Coverage vs the Spark / Delta API¶
duckrun's connection API (duckrun.connect()) deliberately targets parity with the surface most
data engineers already know — PySpark's SparkSession / DataFrame family and Delta Lake's
DeltaTable (the "Delta-on-Spark") API — so notebook code reads the same. Under the hood it is
DuckDB + delta-rs, not Apache Spark: there is no Spark runtime, no JVM, no cluster.
This page tracks how far the surface matches. Two things it is not: a Spark runtime, and a
fluent DataFrame transform builder. Both are design decisions, not gaps — duckrun is SQL-first
(transforms are written as SQL through conn.sql(...)), and there is no cluster to configure. Those
rows are marked 🚫 below precisely so they read as "we chose not to," not "still missing."
Everywhere else in the docs this is called the DataFrame API (it is not full Spark). This one page names Spark on purpose, because it is a side-by-side comparison.
The companion to this page is the method scorecard in
connection-api.md (auto-generated from
tests/connection_api/test_connection_api.py):
that says which mapped methods actually pass their tests; this page says what maps to what.
Legend
- ✅ implemented, parity-faithful
- 🟡 implemented, duckrun-flavored or a convenience shortcut
- 🚫 by design — deliberately not offered (SQL-first, or no Spark runtime). Not a gap.

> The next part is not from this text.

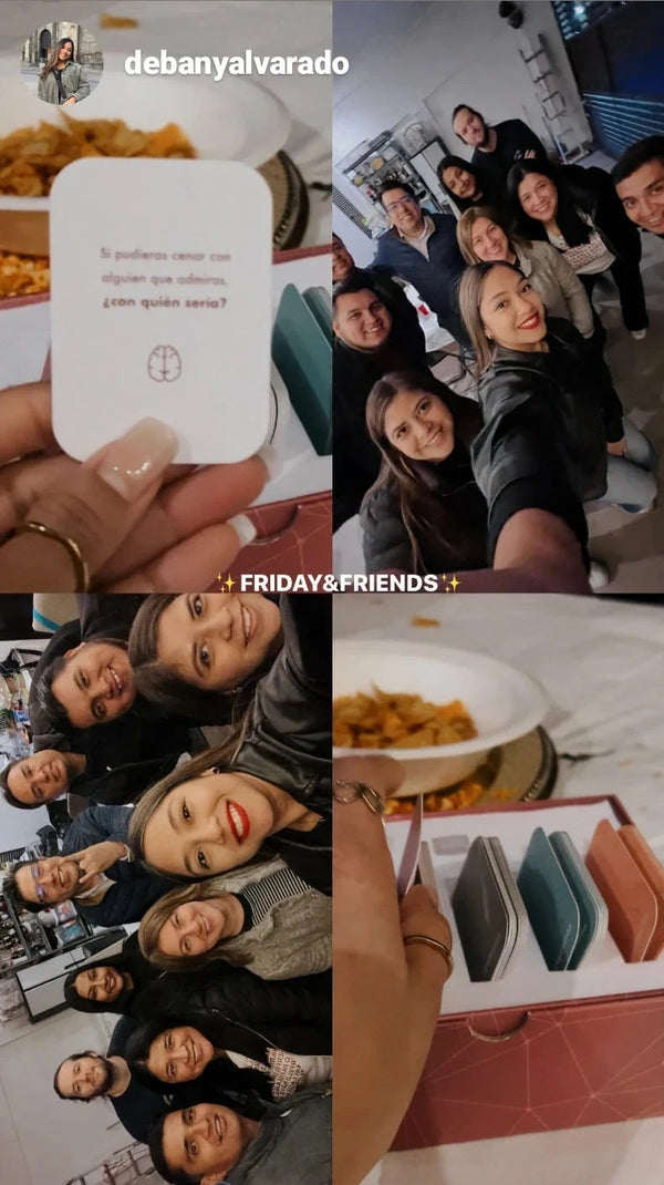 Excelente juego. Preguntas muy interesantes que ayudan a conocerse mejor entre todos tus seres queridos, desde amigos, pareja y familiares. Lo compramos para usarlo con la familia en navidad y la verdad conectamos mucho entre los 4 hermanos que somos desde que vivo acá en México con mi nueva familia. De las preguntas más simples a las más complejas, todas sacan temas que quizá no salen o surgen en una conversación random y terminas conociendo mucho mejor a la gente con la que juegas, así como abriéndose uno mismo con cosas que en una charla habitual a veces es raro que salgan al ser preguntas tan concretas y preparadas especialmente para conocerse mejor. Resulta muy entretenido y te sientes más unido a tus seres queridos. Lo recomiendo totalmente

- ➖ not wired yet — could be added if asked for
Bespoke — duckrun-only, no Spark/Delta equivalent¶
The entire invented surface is the four entries below — a path-based entry point, a multi-catalog attach verb, and two runtime primitives. Everything else on this page either maps to a real Spark/delta-rs method, is a deliberate 🚫 omission, or is a ➖ TODO. There is nothing else masquerading as Spark.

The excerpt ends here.